What is the kicker pattern?

The Kicker formula is a strategy that is sometimes used to projection the move in the movement of the asset price. The formula is trying to accurately predict when the trend of ascending or declining trend in this price movement is going to, which allows investors to structure orders for purchase or sale that will lead to the highest level of benefits from this price movement. Kicker formula, sometimes referred to as a two -color candlestick formula, can help understand sudden conversion and use this knowledge to protect the interests of investors.

Kicker identification is not always the easiest approach to investors or even observers on the market. Since this process is related to the identification of the conversion of the trend that quickly occurs with a small to any preliminary warning, careful attention is necessary for market indicators, if the investor is to determine the impending reversal of the trend. Since it seems that reversal appears without real warning, sometimes it creates a situation in the wterge of investors perceives it as a short -term change that bude quickly remedied, with a price more or less after the previous trend. Those who identify the Kicker formula and read it precisely do not waste your time to present orders for purchase or selling on whether the pattern reveals that the price is rising or declining.

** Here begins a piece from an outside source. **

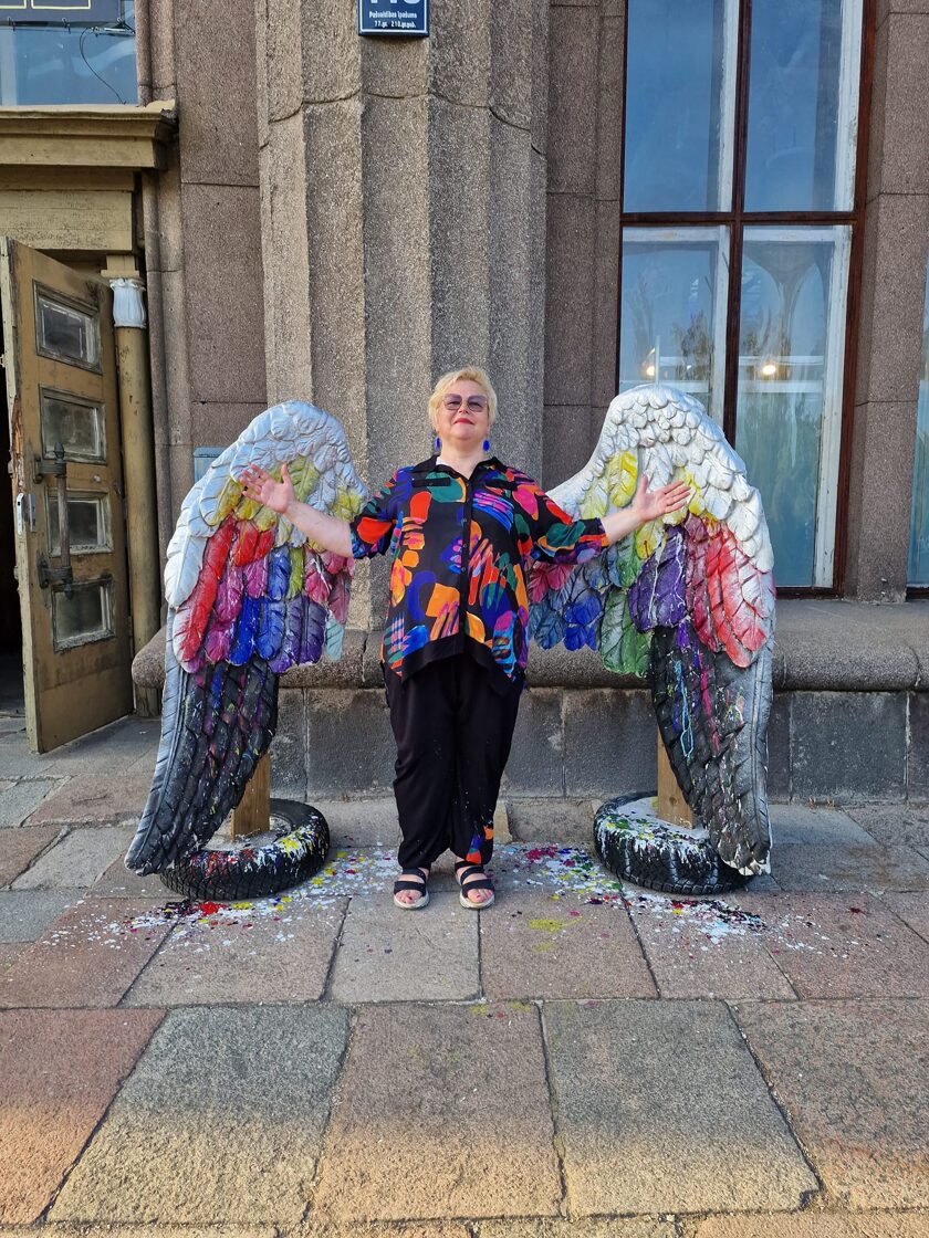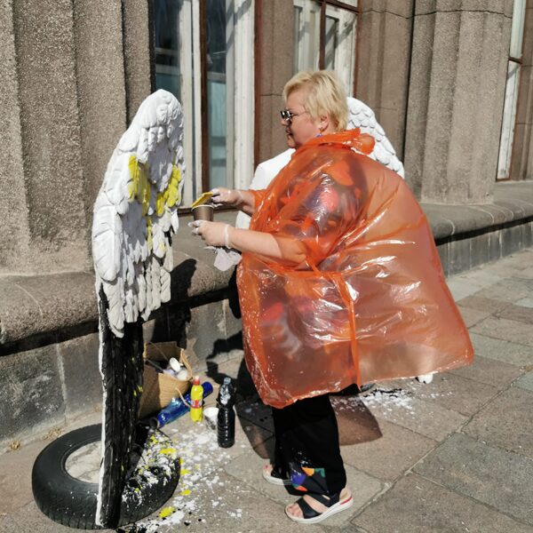 Pie ēkas Street art pasākuma ietvaros spārnu apgleznošana.

Read a number of benefits exactly. If the general trend with the price of assets has been declining for some time, sudden conversion would mean that the price in a short period of time increases significantly. This provides a chance for the investor to buy low, keep the asset during an ascending trend, then sell the asset just before the price level and begins to reduce again. Meanwhile, the investor has a significant profit from the ownership of the asset.

When the Kicker Indicates formula that the price of the asset is about to stop moving up and experience a serious decline, the investor quickly moves to sell this asset while still showing some ascending movement. This not only protects revenues already generated from asset but tIf it prevents the possibilities to keep any losses as soon as the price begins to fall. From this point of view, recognizing the developing kicker pattern can go a long way to maintain the value of the investment portfolio.